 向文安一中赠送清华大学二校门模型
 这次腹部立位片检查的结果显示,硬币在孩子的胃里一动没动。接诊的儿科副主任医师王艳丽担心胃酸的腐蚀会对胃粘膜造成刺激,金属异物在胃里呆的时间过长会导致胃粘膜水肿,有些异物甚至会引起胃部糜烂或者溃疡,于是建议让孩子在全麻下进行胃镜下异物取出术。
===
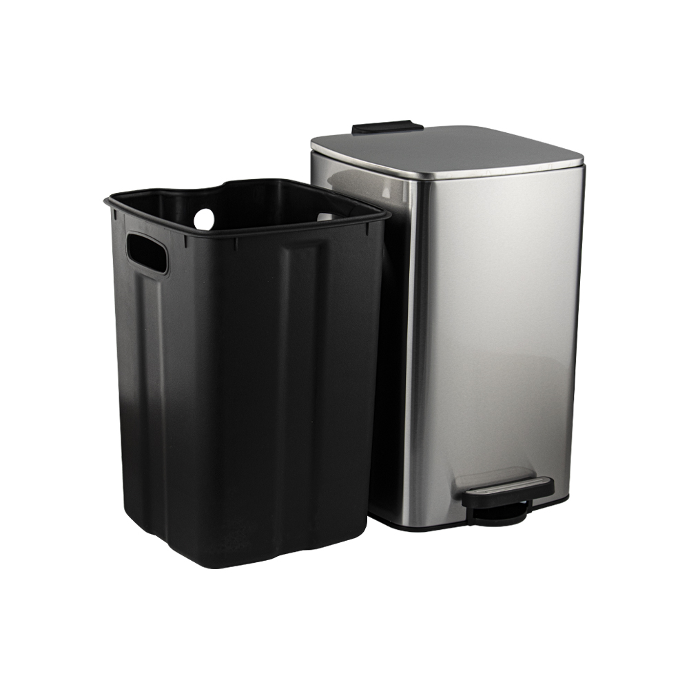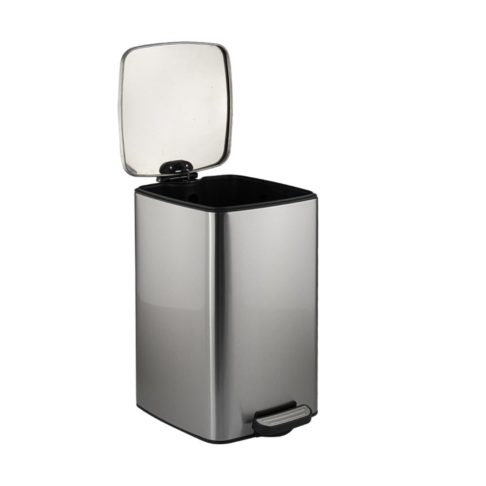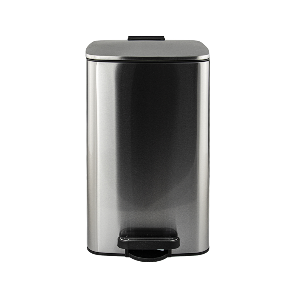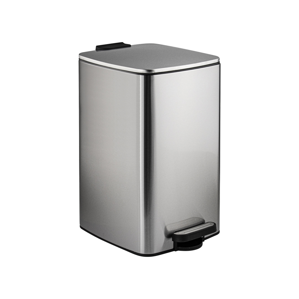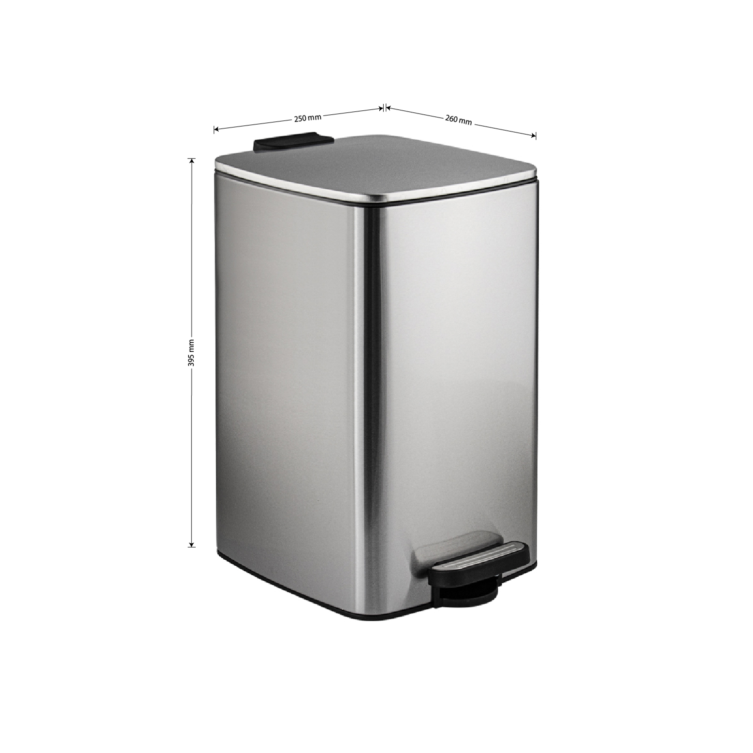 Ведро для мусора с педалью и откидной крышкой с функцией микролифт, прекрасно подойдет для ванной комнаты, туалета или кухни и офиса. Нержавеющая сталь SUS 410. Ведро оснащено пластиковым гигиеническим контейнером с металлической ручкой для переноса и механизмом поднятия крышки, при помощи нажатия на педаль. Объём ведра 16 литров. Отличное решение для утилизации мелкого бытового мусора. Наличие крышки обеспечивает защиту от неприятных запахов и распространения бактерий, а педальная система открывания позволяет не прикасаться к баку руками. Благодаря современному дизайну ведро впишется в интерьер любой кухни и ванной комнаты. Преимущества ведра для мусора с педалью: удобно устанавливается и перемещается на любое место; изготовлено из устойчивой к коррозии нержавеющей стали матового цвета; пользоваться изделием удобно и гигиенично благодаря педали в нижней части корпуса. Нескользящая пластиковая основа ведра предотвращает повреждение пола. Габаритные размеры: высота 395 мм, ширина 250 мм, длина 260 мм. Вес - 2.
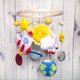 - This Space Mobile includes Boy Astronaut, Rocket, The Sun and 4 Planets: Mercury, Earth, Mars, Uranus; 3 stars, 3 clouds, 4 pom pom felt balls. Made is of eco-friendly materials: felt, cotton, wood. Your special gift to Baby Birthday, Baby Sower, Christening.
===
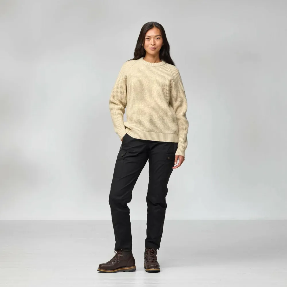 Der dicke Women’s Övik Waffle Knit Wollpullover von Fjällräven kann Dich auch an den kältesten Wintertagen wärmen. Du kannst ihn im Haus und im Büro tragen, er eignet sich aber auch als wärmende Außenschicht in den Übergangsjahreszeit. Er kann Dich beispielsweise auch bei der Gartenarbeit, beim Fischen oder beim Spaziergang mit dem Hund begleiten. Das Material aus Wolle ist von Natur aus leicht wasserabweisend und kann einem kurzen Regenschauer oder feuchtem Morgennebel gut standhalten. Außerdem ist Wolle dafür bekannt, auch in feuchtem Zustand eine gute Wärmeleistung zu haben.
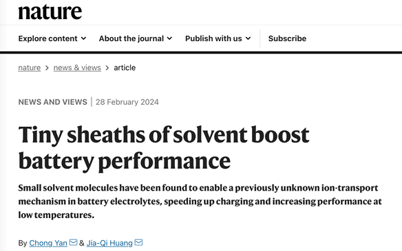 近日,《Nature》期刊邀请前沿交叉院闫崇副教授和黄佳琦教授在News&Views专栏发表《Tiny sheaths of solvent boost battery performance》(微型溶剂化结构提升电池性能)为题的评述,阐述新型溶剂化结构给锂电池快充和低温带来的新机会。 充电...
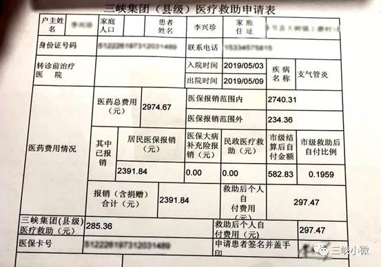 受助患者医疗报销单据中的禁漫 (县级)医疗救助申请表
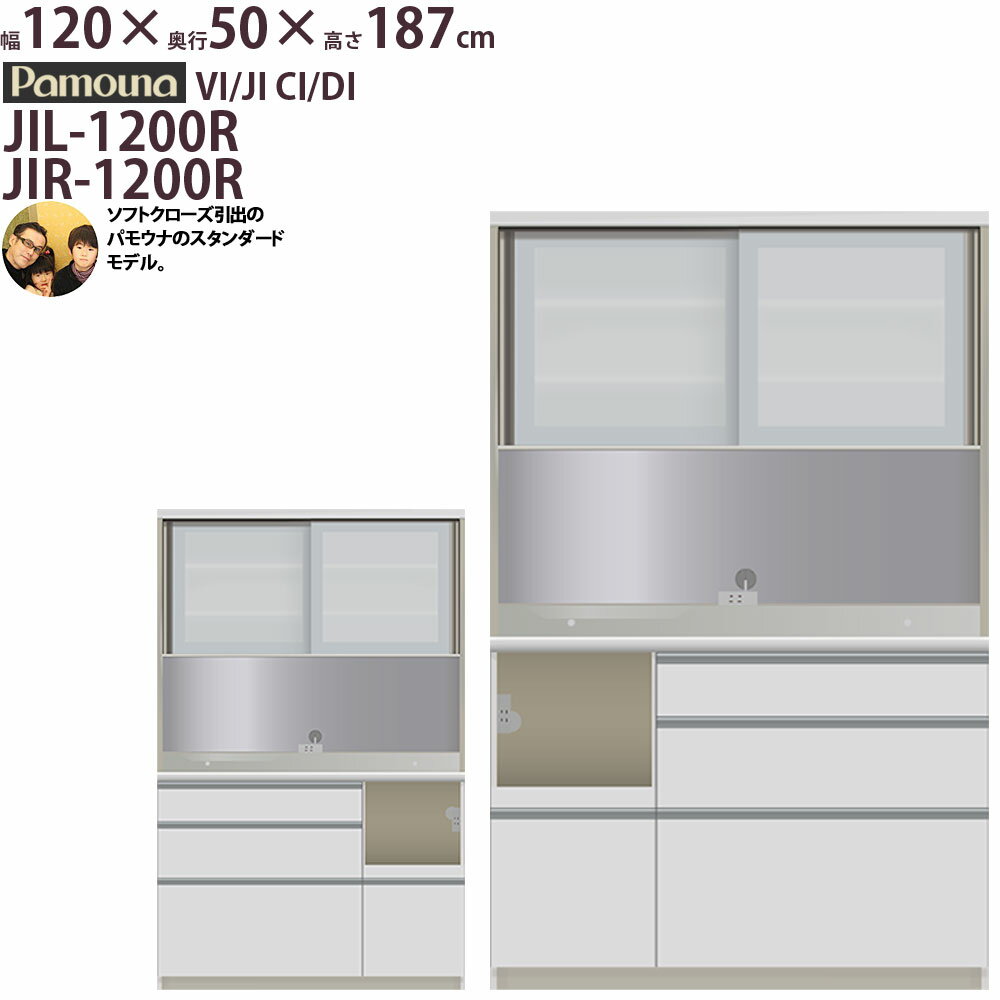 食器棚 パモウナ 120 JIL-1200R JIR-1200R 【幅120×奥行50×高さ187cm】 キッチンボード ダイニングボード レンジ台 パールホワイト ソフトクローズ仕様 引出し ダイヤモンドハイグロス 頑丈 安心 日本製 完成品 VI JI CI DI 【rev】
===
-- Exercise aim --
Look back over the records above. Reproduce exactly everything from the line with "近日,《Nature》期刊邀请前沿交叉院闫崇副教授和黄佳琦教授在News&Views专栏发表《Tiny sheaths of" down to the line with "食器棚 パモウナ 120", inclusive, and leave the pictures out.

-- Exercise response --
 近日,《Nature》期刊邀请前沿交叉院闫崇副教授和黄佳琦教授在News&Views专栏发表《Tiny sheaths of solvent boost battery performance》(微型溶剂化结构提升电池性能)为题的评述,阐述新型溶剂化结构给锂电池快充和低温带来的新机会。 充电...
 受助患者医疗报销单据中的禁漫 (县级)医疗救助申请表
 食器棚 パモウナ 120 JIL-1200R JIR-1200R 【幅120×奥行50×高さ187cm】 キッチンボード ダイニングボード レンジ台 パールホワイト ソフトクローズ仕様 引出し ダイヤモンドハイグロス 頑丈 安心 日本製 完成品 VI JI CI DI 【rev】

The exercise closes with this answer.